╭─ Raw data
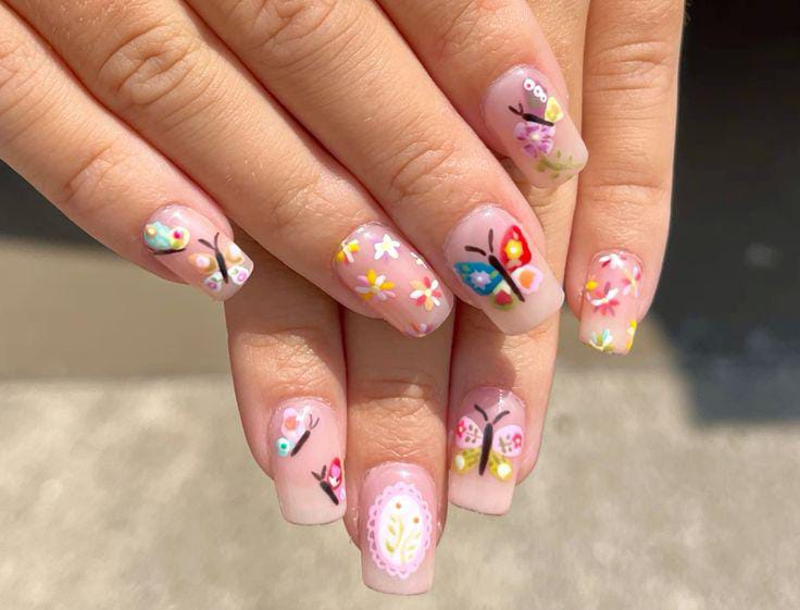 A pale nude base is decorated with colorful mini flowers and butterfly accents across the nails. The vibe is cheerful, youthful, and full of spring energy.
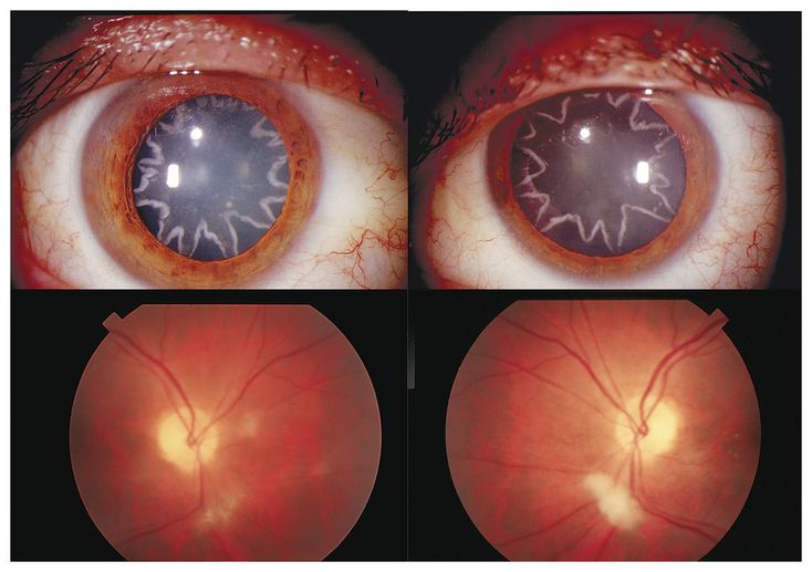 A 42-year-old male electrician presented to the eye clinic with decreasing vision 4 weeks after an electrical burn of 14,000 V to the left shoulder. His vision in both eyes was limited to perception of hand motions, with an intraocular pressure of 14 mm Hg in each eye. Slit-lamp examination showed bilateral stellate anterior subcapsular opacities of the lens (top panels, right and left). Dilated funduscopic examination showed scattered cotton-wool spots and bilateral optic-nerve pallor, which was greatest in the left eye (bottom panels, right and left). Four months after the injury, the patient underwent cataract extraction and implantation of an intraocular lens, which was followed by improvement in visual acuity to 20/70 in the right eye and 20/400 in the left eye. Two years after the injury, a retinal detachment developed in the left eye, and the patient underwent repair. At a 10-year follow-up visit, the patient's visual acuity was 20/100 in the right eye, but in the left eye he could only count fingers. There was bilateral optic atrophy with widespread macular pigment disruption. Although the patient was legally blind, he was able to read with the use of low-vision aids and was able to independently commute on public transportation. When lenticular opacities are the sole manifestations of electrical injury, cataract extraction is expected to produce a functional outcome. However, with concurrent damage to the optic nerve and retina, complete visual rehabilitation may be limited.
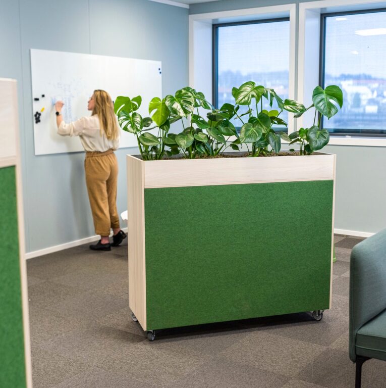 GRØNN ROMDELER: Et gammelt skap har blitt til en fin romdeler og plantekasse hos Agder Energi.
╰─
• _Task requirements_:
Everything in the listing, except its images, should be set down exactly.

• _Result of this exercise_:
 A pale nude base is decorated with colorful mini flowers and butterfly accents across the nails. The vibe is cheerful, youthful, and full of spring energy.
 A 42-year-old male electrician presented to the eye clinic with decreasing vision 4 weeks after an electrical burn of 14,000 V to the left shoulder. His vision in both eyes was limited to perception of hand motions, with an intraocular pressure of 14 mm Hg in each eye. Slit-lamp examination showed bilateral stellate anterior subcapsular opacities of the lens (top panels, right and left). Dilated funduscopic examination showed scattered cotton-wool spots and bilateral optic-nerve pallor, which was greatest in the left eye (bottom panels, right and left). Four months after the injury, the patient underwent cataract extraction and implantation of an intraocular lens, which was followed by improvement in visual acuity to 20/70 in the right eye and 20/400 in the left eye. Two years after the injury, a retinal detachment developed in the left eye, and the patient underwent repair. At a 10-year follow-up visit, the patient's visual acuity was 20/100 in the right eye, but in the left eye he could only count fingers. There was bilateral optic atrophy with widespread macular pigment disruption. Although the patient was legally blind, he was able to read with the use of low-vision aids and was able to independently commute on public transportation. When lenticular opacities are the sole manifestations of electrical injury, cataract extraction is expected to produce a functional outcome. However, with concurrent damage to the optic nerve and retina, complete visual rehabilitation may be limited.
 GRØNN ROMDELER: Et gammelt skap har blitt til en fin romdeler og plantekasse hos Agder Energi.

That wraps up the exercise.